Irvine City Council members are set to approve one of the largest demolition projects in the city’s history tomorrow night, clearing the way for the biggest developments yet at the city’s Great Park. 

While the city first broke ground on the park over 20 years ago, hundreds of acres are still covered by the leftover pieces of the old Marine Corps Air Station El Toro that used to sit there, with old hangars, runways, barracks and air traffic control towers looming over the million dollar homes next door. 

The high costs for cleaning up the buildings, chemicals and asbestos left behind by the military, along with a complicated contract with the Navy that guarantees them certain rights to the land, have made development in much of the area impossible over the last two decades. 

At their Tuesday meeting, city council members are looking to jumpstart park development after nearly two years of stalled progress. 

In a report prepared by city staff, there are two main areas being cleaned up in the park.

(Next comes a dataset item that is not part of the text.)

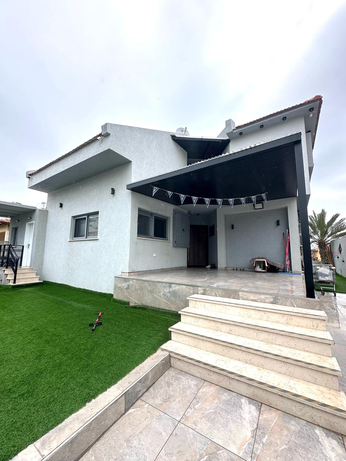 Spacious and magical holiday villa! The villa is suitable for families between 6 and 15 people. The villa has 4 closed bedrooms with air conditioning ,a double bed and some of them also have a closet in addition there is a bunk bed and more A large, spacious dining room with a table that opens up to a very large. A big, spacious living room with a Wye Faye Smart TV. Plenty of room to spend time together. Large lawn with heated indoor pool, spa Jacuzzi, seating areas, trampoline, outdoor kitchen. Suitable for the religious public. The villa has a large fully equipped kitchen including an oven, a dishwasher, a micro, a refrigerator , a water bar that keeps Shabbat, 2 hot plates, a hot water heater and more. There is an adjacent parking with an EV charger.

One sits on the northern edge of the park and holds old hangars and an air traffic control tower from the base, along with portions of broken runway. 

The other is a stretch of land along the southern edges of the park, originally dubbed the cultural terrace in park plans because it was set to hold a museum and other arts amenities. 

The hangar site along the north edge of the park sat idle for nearly a decade because it was a potential site for Orange County’s first state veterans cemetery. 

But that idea died last year when a coalition of veterans groups and every city council in the county, including Irvine, voted to shift focus to a site in Anaheim on a piece of county owned land in Gypsum Canyon. 

[Read: Orange County Veterans Plant A Flag on Their Own Cemetery After Decade-Long Fight]

Since then, the site has picked up traction as the potential new home for a botanical garden, one of the earliest promised amenities at the park that never materialized. 

While the city is still studying the issue and how the park would be designed, the one thing everyone agrees on is that the hangar site has to be cleared out first.

The hangar site still has a few more steps before crews can break ground: the city has to put the project out to bid and return to the council for approval, with no public estimates yet on what the costs could be to remove over 70 buildings and other structures still on the site. 

But some parts of the old base are here to stay, with the staff report stating the air traffic control tower and three old helicopter hangars will remain for the time being. 

However, demolition at the cultural terrace plot could be cleared to move forward, with staff estimating the costs at $3.1 million. 

The council’s Great Park meeting starts at 2 p.m. Tuesday afternoon, with the votes being officially adopted at their regular meeting at 4 p.m.